[GOAL OF THE EXERCISE]: In the entries below, the lines from the one with "Lakukan Perawatan Pada" through the one with "Cartolina augurale fotografica" are to be copied exactly; both ends count.

[DATA IN THIS EXERCISE]:
---*---
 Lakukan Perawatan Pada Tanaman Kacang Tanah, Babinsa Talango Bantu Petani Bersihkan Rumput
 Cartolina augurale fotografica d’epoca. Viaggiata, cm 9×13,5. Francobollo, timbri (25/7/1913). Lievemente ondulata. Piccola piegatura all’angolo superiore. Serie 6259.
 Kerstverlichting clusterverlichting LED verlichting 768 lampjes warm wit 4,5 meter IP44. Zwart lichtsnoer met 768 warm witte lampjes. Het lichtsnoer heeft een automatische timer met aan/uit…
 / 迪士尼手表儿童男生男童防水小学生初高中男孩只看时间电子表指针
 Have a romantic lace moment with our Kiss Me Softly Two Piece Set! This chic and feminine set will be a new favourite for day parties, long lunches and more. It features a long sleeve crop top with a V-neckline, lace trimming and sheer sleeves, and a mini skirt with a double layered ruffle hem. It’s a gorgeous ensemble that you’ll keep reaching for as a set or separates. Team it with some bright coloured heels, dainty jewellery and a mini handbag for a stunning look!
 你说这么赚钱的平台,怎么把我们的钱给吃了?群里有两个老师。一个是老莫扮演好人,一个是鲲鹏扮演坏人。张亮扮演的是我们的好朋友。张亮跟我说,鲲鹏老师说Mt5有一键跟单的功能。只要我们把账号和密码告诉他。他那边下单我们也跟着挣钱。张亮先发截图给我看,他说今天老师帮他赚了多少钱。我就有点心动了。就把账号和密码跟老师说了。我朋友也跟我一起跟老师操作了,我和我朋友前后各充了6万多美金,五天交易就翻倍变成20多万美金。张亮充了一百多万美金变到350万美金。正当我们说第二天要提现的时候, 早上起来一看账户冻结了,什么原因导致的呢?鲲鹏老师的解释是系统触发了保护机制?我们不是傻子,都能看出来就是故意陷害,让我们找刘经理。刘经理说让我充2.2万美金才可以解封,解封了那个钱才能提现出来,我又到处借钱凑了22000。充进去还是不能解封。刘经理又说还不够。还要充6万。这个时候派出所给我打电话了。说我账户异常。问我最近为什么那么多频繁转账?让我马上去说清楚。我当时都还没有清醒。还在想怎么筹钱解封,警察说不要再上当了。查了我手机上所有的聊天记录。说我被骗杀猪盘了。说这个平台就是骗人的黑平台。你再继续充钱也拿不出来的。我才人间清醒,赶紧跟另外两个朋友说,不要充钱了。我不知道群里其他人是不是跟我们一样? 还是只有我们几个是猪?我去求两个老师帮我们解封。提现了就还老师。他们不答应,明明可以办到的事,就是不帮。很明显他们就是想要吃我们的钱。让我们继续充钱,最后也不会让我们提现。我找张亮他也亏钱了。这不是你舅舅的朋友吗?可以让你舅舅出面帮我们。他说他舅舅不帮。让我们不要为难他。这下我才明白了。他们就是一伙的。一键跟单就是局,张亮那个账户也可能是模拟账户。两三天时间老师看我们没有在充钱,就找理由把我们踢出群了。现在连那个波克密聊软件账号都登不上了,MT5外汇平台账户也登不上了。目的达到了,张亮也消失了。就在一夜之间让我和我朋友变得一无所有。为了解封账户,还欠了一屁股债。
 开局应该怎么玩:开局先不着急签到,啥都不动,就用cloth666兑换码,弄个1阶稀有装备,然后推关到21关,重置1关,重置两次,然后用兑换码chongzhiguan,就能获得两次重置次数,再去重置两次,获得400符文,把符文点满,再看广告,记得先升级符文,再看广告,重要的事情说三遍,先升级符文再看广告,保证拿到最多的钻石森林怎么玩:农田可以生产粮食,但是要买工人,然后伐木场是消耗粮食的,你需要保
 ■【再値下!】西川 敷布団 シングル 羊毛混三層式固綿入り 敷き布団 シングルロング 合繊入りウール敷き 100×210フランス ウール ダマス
---*---
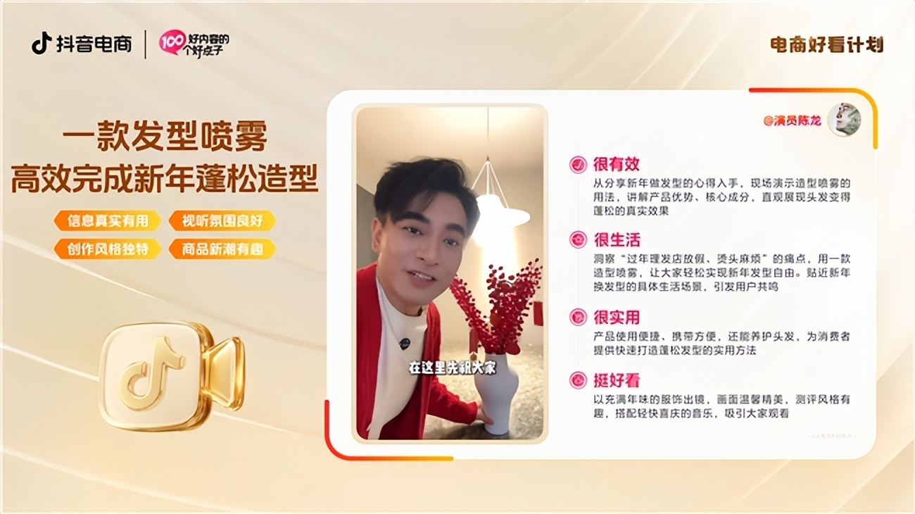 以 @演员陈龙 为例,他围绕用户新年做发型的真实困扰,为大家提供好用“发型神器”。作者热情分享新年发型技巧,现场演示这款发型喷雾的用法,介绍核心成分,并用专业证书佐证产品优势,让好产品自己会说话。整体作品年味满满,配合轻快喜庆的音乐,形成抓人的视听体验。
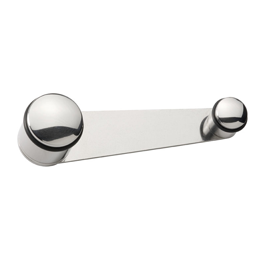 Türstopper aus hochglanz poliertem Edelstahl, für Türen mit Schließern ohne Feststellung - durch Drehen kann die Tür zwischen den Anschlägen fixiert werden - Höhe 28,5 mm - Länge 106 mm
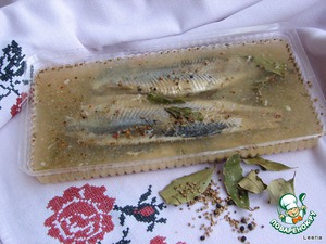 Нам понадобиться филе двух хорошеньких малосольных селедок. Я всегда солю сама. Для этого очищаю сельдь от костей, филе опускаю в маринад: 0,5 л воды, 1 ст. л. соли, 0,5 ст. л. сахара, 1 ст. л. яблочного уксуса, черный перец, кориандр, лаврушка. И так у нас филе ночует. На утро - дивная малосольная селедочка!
---*---
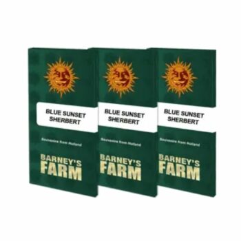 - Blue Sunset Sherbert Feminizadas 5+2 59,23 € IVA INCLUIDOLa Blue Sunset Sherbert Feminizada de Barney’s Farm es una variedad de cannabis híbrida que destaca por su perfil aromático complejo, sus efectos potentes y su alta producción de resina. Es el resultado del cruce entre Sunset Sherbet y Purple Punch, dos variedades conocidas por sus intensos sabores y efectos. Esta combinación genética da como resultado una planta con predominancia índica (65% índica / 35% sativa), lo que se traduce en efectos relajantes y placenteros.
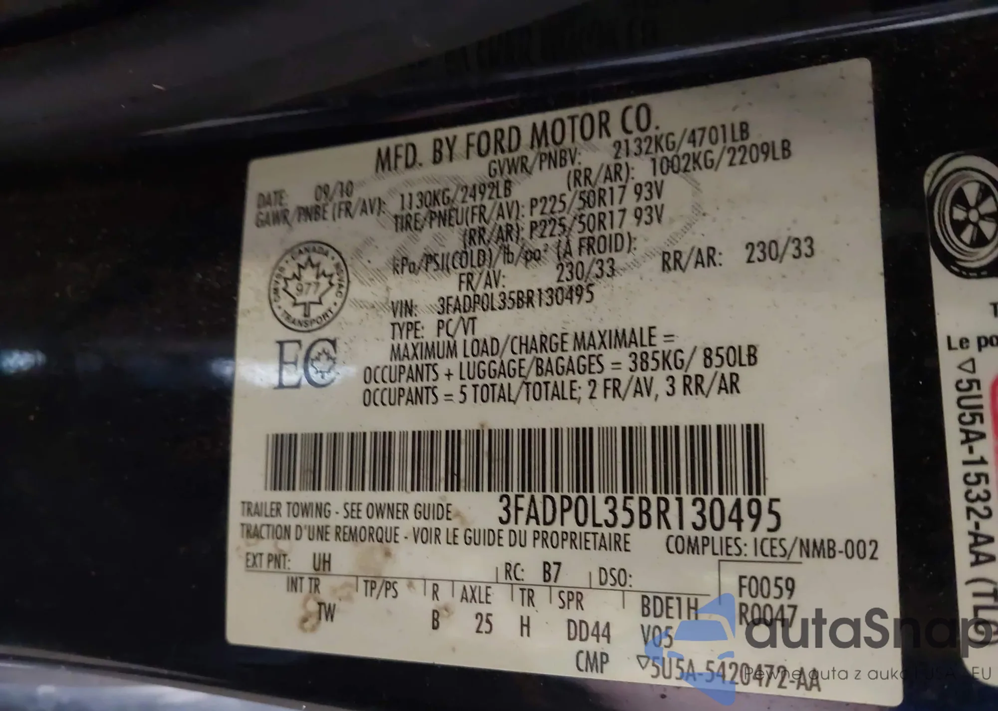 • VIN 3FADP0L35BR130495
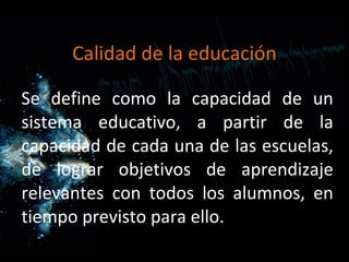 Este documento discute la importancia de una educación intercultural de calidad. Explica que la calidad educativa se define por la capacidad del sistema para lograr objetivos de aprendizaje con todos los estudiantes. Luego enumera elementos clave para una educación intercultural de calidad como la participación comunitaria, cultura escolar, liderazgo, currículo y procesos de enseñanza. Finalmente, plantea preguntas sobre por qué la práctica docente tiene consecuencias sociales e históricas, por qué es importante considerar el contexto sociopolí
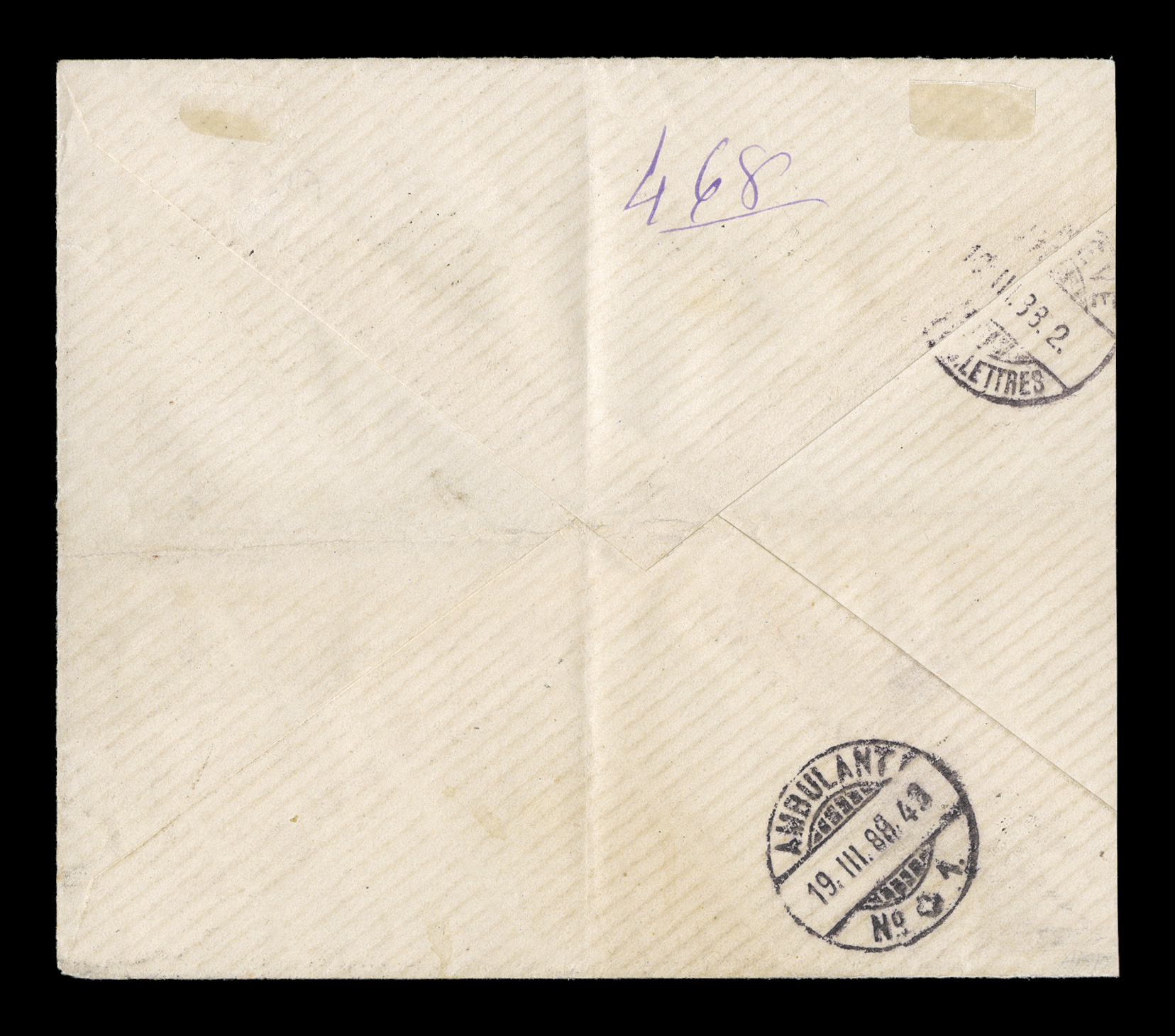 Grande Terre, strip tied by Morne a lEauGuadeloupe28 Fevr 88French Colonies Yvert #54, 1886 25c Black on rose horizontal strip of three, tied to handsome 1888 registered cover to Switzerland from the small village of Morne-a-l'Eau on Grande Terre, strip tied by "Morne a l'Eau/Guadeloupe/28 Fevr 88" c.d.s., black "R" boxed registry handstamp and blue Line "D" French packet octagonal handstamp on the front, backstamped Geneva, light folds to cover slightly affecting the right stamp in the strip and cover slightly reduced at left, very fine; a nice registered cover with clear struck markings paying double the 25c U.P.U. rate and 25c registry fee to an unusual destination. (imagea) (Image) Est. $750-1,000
---*---
[OUTPUT FOR THIS TASK]:
 Lakukan Perawatan Pada Tanaman Kacang Tanah, Babinsa Talango Bantu Petani Bersihkan Rumput
 Cartolina augurale fotografica d’epoca. Viaggiata, cm 9×13,5. Francobollo, timbri (25/7/1913). Lievemente ondulata. Piccola piegatura all’angolo superiore. Serie 6259.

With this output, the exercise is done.